JERUSALEM – Many of Yemen’s Jews fled their homes last weekend after receiving death threats from Islamic militants accusing the country’s tiny Jewish community of serving as agents for “global Zionism.”
About 45 Jews left their village in Sa’ada county in Yemen after Dawoud Yousuf Mousa, one of the heads of the local Jewish community, was warned on Jan.10 that if the Jews don’t leave within 10 days they would be exposed to killings, abductions and looting.
Four masked militants approached Mousa and delivered a letter to him warning that the Jewish community had been under Islamic surveillance.

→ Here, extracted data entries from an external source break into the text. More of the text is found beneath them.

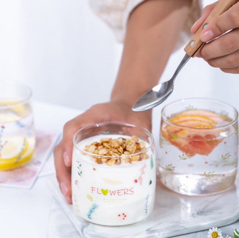 简约森系ins玻璃杯耐热家用酸奶杯少女可爱清新牛奶早餐杯
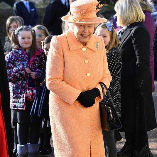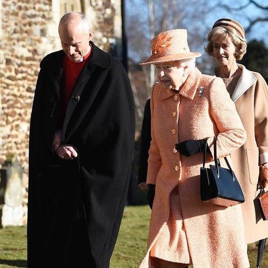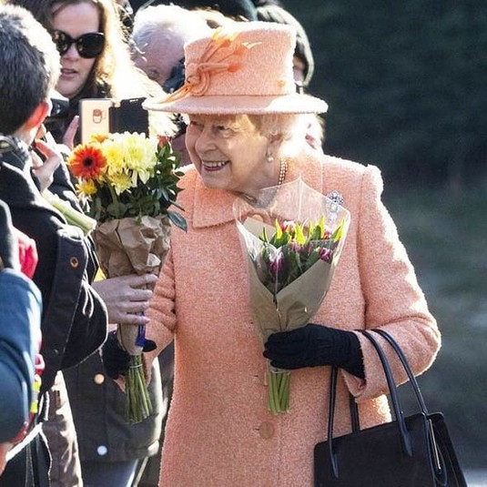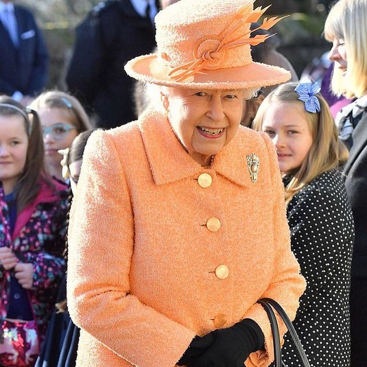 В минувшее воскресенье Елизавета II посетила церковь в Норфолке. Погода радовала вышедшем солнцем, так что для похода в храм королева выбрала подходящий по такому случаю наряд: шерстяное платье и пальто персикового цвета и шляпку в тон. Довершили образ теплые перчатки. По пути в церковь Святого Петра и Павла королева тепло приветствовала своих подданных, которые преподнесли ей нарциссы, а также букет розовых и белых цветов.
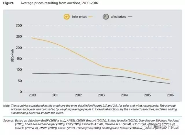 中國(guó)儲(chǔ)能網(wǎng)訊:根據(jù)國(guó)際可再生能源署最新發(fā)布的《可再生能源競(jìng)價(jià)分析報(bào)告》,到2016年中已經(jīng)至少有67個(gè)國(guó)家以競(jìng)價(jià)方式確定可再生能源項(xiàng)目,而2010年時(shí)只有10個(gè)國(guó)家實(shí)行可再生能源項(xiàng)目競(jìng)價(jià)。相比固定的標(biāo)桿價(jià)格,可再生能源競(jìng)價(jià)有效地降低了可再生能源上網(wǎng)的價(jià)格。2010年,風(fēng)電合同平均價(jià)格為80美元/兆瓦時(shí)、光伏為250美元/兆瓦時(shí);而2016年風(fēng)電平均合同價(jià)下降37.5%,為40美元/兆瓦時(shí),光伏下降幅度更達(dá)到80%,為50美元/兆瓦時(shí)(相當(dāng)于人民幣0.33元/千瓦時(shí))。
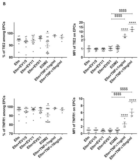 90% confluent CB-EPCs cultured in EGM2 were treated for 24 h with increasing ratios of EVs 1/5, 1/1, 5/1 (EVs/EPCs), or with TNFα (1 ng/mL and 10 ng/mL) for 24 h in EV-free medium. They were then stained with a mix of antibodies: Biotin-anti-ICAM (CD54), PE-anti-VCAM (CD106), PECY7-anti-TNFR1, FITC-anti-TNFR2, APC-anti-TIE2 (Miltenyi, Gladbach, Germany), and streptavidin-PE-cys5 (Thermofisher, Waltham, MA, USA). The labeling was evaluated by flow cytometry Fortessa (BD bioscience, Franklin Lakes, NJ, USA) and data were analyzed by FlowJo V10 software (FlowJo, LLC, Ashland, OR, USA).

“After accurate surveillance over the Jews residing in Al Haid, it has become clear to us that they were doing things which serve mainly global Zionism, which seeks to corrupt the people and distance them from their principles, their values, their morals, and their religion,” the letter stated.
“Islam calls upon us to fight against the disseminators of decay,” the letter said. The threats have been attributed to disciples of Shi’ite religious leader Hossein Bader a-Din al-Khouty.
Mousa reportedly told local authorities that the militants told him if the Jews don’t flee within 10 days “the Jewish community would bear the consequences.”
According to a recent Yemeni immigrant to Israel with contacts in Sa’ada, the Jewish community there received another letter Friday warning, “whoever remains at his home, will be killed or his children will be taken away.”
Sa’ada’s Jewish community, which had lived in the village for generations, was forced to evacuate their homes and leave some of their possessions with local sheiks.
The displaced Jews are staying at a hotel in the center of Sa’ada, where they have been petitioning local authorities for protection. The Yemen Jews say the government has refused to offer assistance other than to temporarily pay for the hotel stays.
The Jews reportedly spoke of long-term Muslim intimidation and of having to pay special taxes because they were Jewish.
The Jewish community in Yemen consists of several hundred people. According to recent immigrants to Israel, the Yemeni Jews don’t want to leave their country.
Most of Yemen’s Jews were evacuated to Israel in Operation Magic Carpet, a series of semi-secret airlifts between June 1949 and September 1950 that brought 45,000 to the Jewish state with the assistance of Britain and the U.S.
A smaller, continuous migration was allowed to continue until 1962, when a civil war in Yemen put an abrupt halt to any further Jewish exodus. Several thousand Jews remained.
Then in the early 1990’s, after years of petitioning by a group led by Hayim Tawil, a professor at Yeshiva University, most of the rest of Yemen’s Jews were brought to Israel, except the few hundred who decided to stay in Yemen.